Summary of NGS studies of adenomyosis

Mutated epithelial clones localized in the eutopic endometrial glands seem to play important roles in the pathophysiology of adenomyosis. A number of recurrent driver mutations were found in these endometrial glandular epithelial cells, including mutations affecting PIK3CA and KRAS. Although PIK3CA is the most commonly mutated gene in eutopic endometrial cells, mutations found in adenomyosis epithelium almost exclusively affected the KRAS gene. KRAS was also the most recurrently mutated gene in epithelial cells of endometriotic lesions. Collectively, these NGS data suggest that KRAS-mutated epithelial clones play an important and common role in the etiologies of adenomyosis and endometriosis.

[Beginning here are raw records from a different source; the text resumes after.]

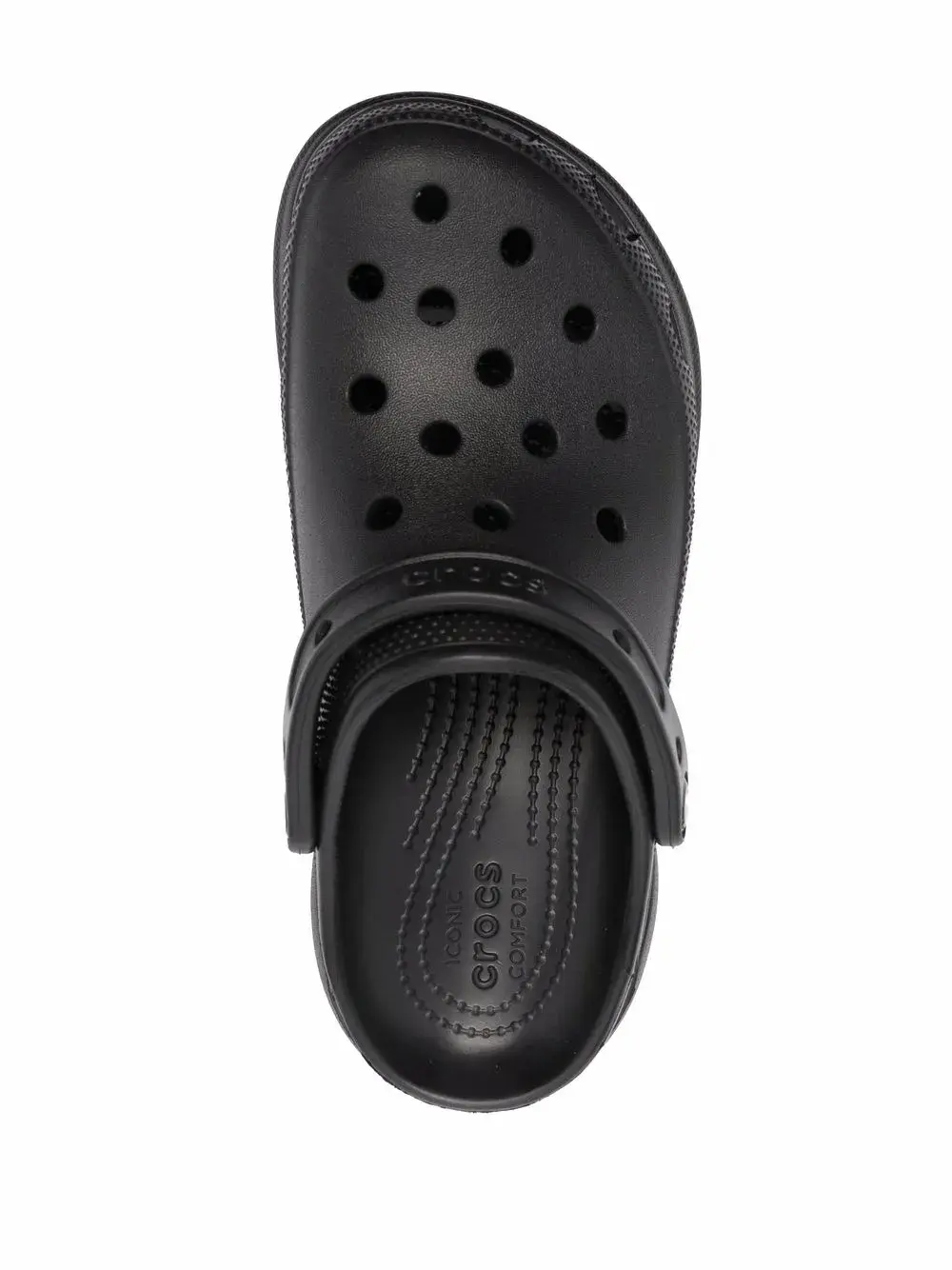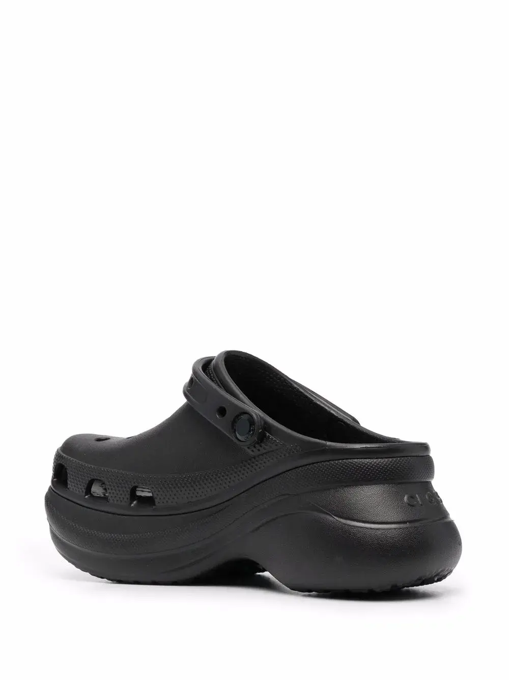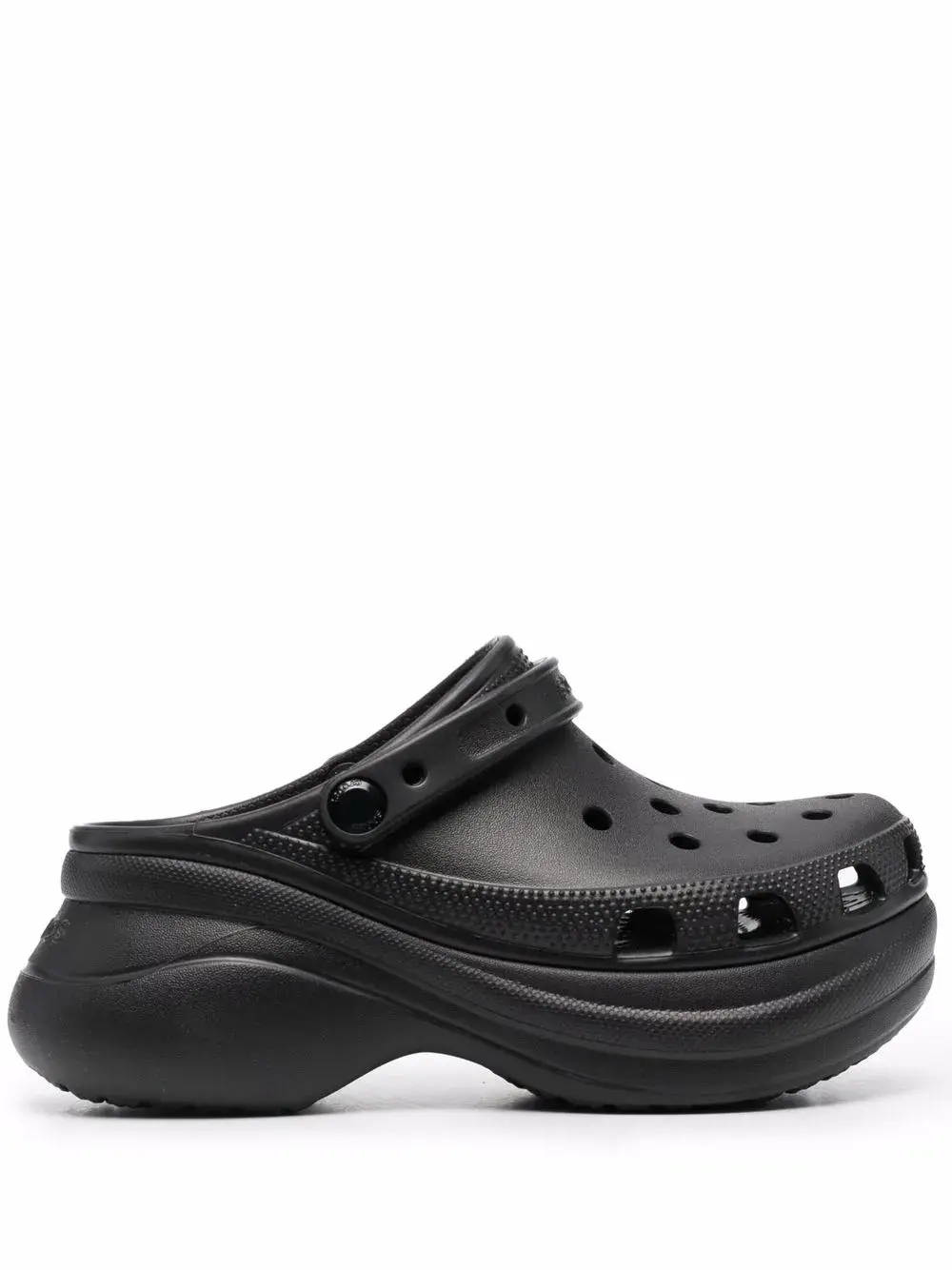 Ребристая резиновая подошва, ремешок на пятке, закругленный носок и перфорация. Цвет: черный.
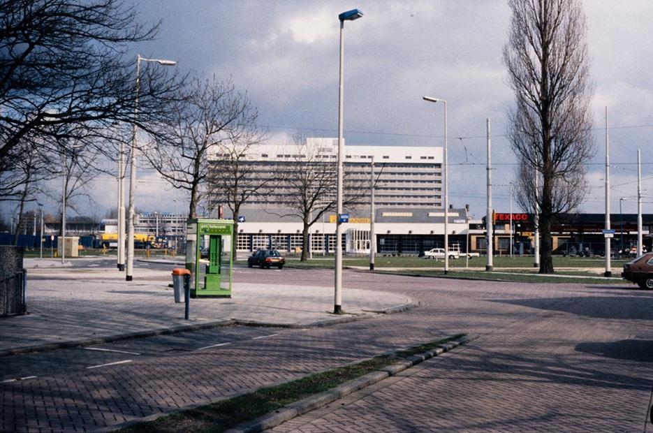 De Texaco en de Klok liggen aan de Colosseumweg. Op de achtergrond het Sint Clara ziekenhuis.
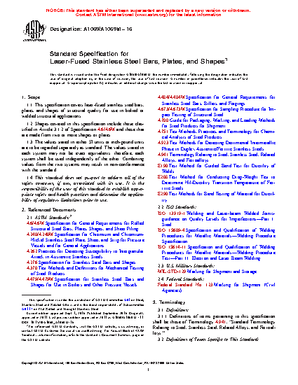 This specification covers laser-fused stainless steel bars, plates, and shapes of structural quality for use in bolted or welded structural applications. The butt-welded test pieces are welded using laser fusion and then machined into tensile test bars and root-bend test specimens. The term laser fusion is used in this specification to refer to a joining process that is able to produce a coalescence of material using the heat obtained from the application of a concentrated coherent light beam impinging on the surface of a weld joint.
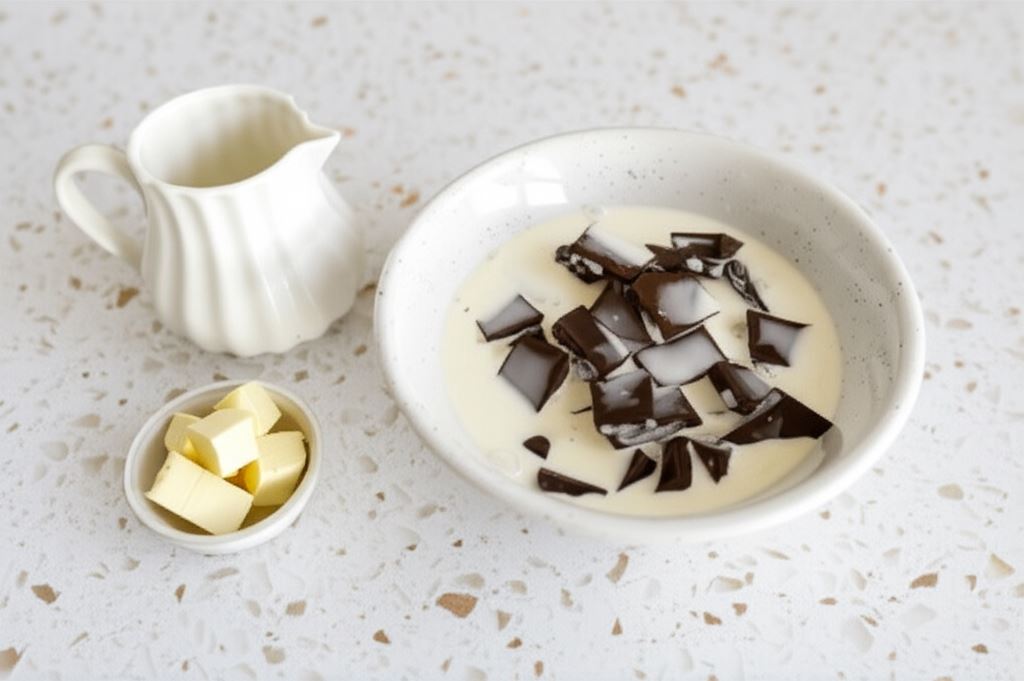 Podgrzej śmietankę. Posiekaną na drobniejsze części czekoladę deserową zalej gorącą śmietanką. Poczekaj moment, po czym wymieszaj. Dodaj masło i wszystko połącz. Odstaw na moment do ostygnięcia.

Abnormalities in gene expression in adenomyosis

Until the recent discovery of KRAS mutations in epithelial cells, the reported molecular abnormalities in adenomyosis were mostly of epigenetic nature or involved abnormal expression of downstream genes as a consequence of an unknown mutation (Inoue ). In other words, compared with eutopic endometrium, there were significant differences in the levels of mRNA or protein expression of a number of genes in adenomyosis, but no mutations involving these genes were reported (Vannuccini ). These differences in gene expression most often relied on mRNA analysis of whole tissues. This was occasionally coupled with studies of protein expression or changes in DNA methylation associated with the gene of interest. The cellular localization of the abnormalities in adenomyosis was heavily dependent on immunohistochemistry and often not verified by other methods because primary culture of the cellular components of adenomyosis has not been achieved. Most of the identified gene expression abnormalities centered on excessive estrogen formation and progesterone resistance and involved steroid receptors and other transcription factors (Vannuccini ). Intriguingly, similar abnormalities were reported in the transcriptome of eutopic endometrial tissue of women with adenomyosis (Xiang ).

Estrogen excess

Estrogen plays a key role in the etiology of adenomyosis. Treatments that diminish ovarian production of estradiol, such as GnRH analogs and aromatase inhibitors, suppress adenomyosis whereas tamoxifen, which acts as an estradiol agonist in the uterus, aggravates adenomyosis (Ugwumadu ; Cohen ; Bergeron ; Kimura ). The enzyme encoded by the aromatase (CYP19A1) gene is responsible for estrogen production from its precursors in human tissues (Bulun ). The presence of aromatase activity and gene expression in adenomyotic tissue was reported even before they were revealed in endometriotic tissue (Yamamoto ; Noble ; Fang ; Pavone and Bulun, 2012). Aromatase overexpression in endometriotic stromal cells is coupled with an epithelial deficiency of the enzyme HSD17B2 that inactivates estradiol by converting it into estrone in adenomyosis (Vierikko ; Casey ; Zeitoun ). It is likely that HSD17B2 may also be deficient in adenomyotic epithelial cells, as endometriosis and adenomyosis share multiple molecular features. The combination of aromatase excess and HSD17B2 deficiency may give rise to excessive levels of estradiol in adenomyosis (Bulun, 2009). Moreover, the expression of genes encoding the enzymes that convert arachidonic acid to prostaglandins, including cyclooxygenases, have been reported in adenomyosis (Maia ; Vannuccini ). Excessive formation of prostaglandins, especially PGE2, may stimulate aromatase expression and cause pain associated with menses in adenomyosis (Bulun, 2009; Vannuccini ).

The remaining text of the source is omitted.